Tuesday, July 12, 2016 12:04 PM | 1 vote

Anybody know why the encryption on windows 10 takes way longer than on windows 8? I also noticed that during the encryption the free drive space didn't change unlike previous versions where almost all the drive space was used and would then return to normal once the encryption finished.

All replies (4)

Wednesday, July 13, 2016 9:12 PM ✅Answered

Hi.

Any details to share? Did you try the different OS' on the same hardware?

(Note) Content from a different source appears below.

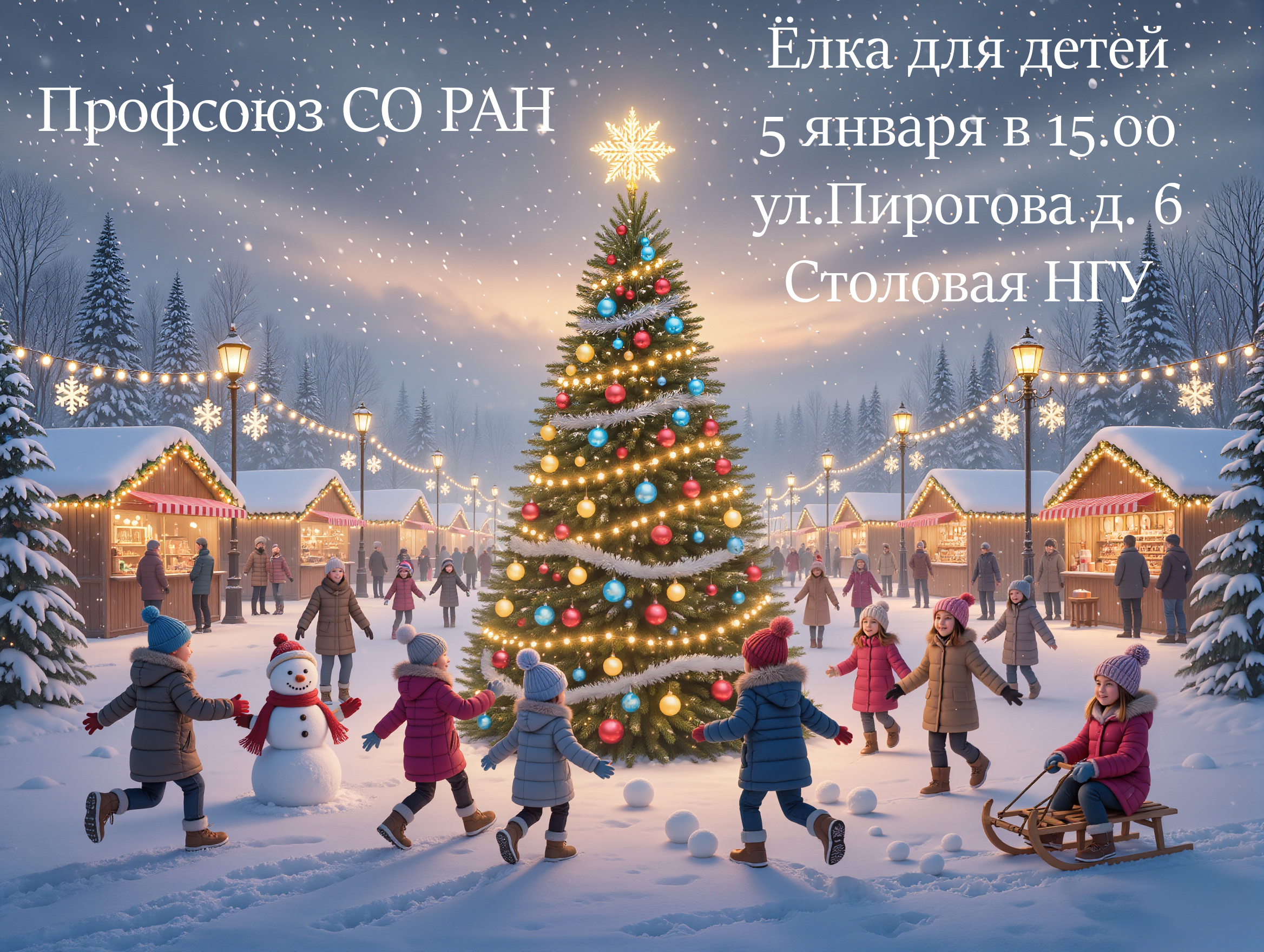 Профсоюз СО РАН проводит 5 января 2026 г.новогоднюю елку для детей и внуков членов профсоюза.

Both under load or completely idle?

Using the same encryption method (10 has new defaults!)?

Both using "encrypt used space only"?

I encrypted all machines in our network while they were on 8.1. But all I did on 10 were fast as well, did not notice much of a difference (SSDs anyway and used space only activated).

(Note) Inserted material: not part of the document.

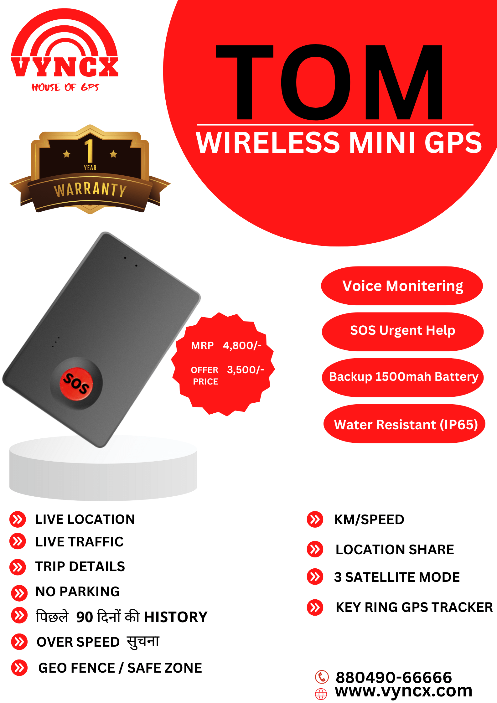 Our GPS device is made up of No.1 U-blox chips, we are using Indian ISRO sattelite, we provide indian based server, means full security of your data. The Vyncx GPS Tracker is the ideal GPS beacon for geolocation of equipment without requiring an external power source. Made in India, Make in India.

Thursday, July 14, 2016 9:11 AM ✅Answered

Hi,

Firstly, I would like to know what you choose on how much of your drive to encrypt:

The first way could be faster than the second.

Another change I consider will affect the speed of encryption: XTS-AES encryption algorithm. BitLocker now supports the XTS-AES encryption algorithm. XTS-AES provides additional protection from a class of attacks on encryption that rely on manipulating cipher text to cause predictable changes in plain text. BitLocker supports both 128-bit and 256-bit XTS-AES keys. Have you choose such algorithm?

See more about new in Windows 10 Bitlocker: https://technet.microsoft.com/en-us/itpro/windows/whats-new/bitlocker

Also, for the question about the placeholders, as my tested, it seems to remove when encrypt Data drive.

To know more about bitlocker in Windows 10:

https://blogs.msdn.microsoft.com/mvpawardprogram/2016/01/12/securing-windows-10-with-bitlocker-drive-encryption/

https://technet.microsoft.com/en-us/itpro/windows/keep-secure/bitlocker-overview

Please mark the reply as an answer if you find it is helpful.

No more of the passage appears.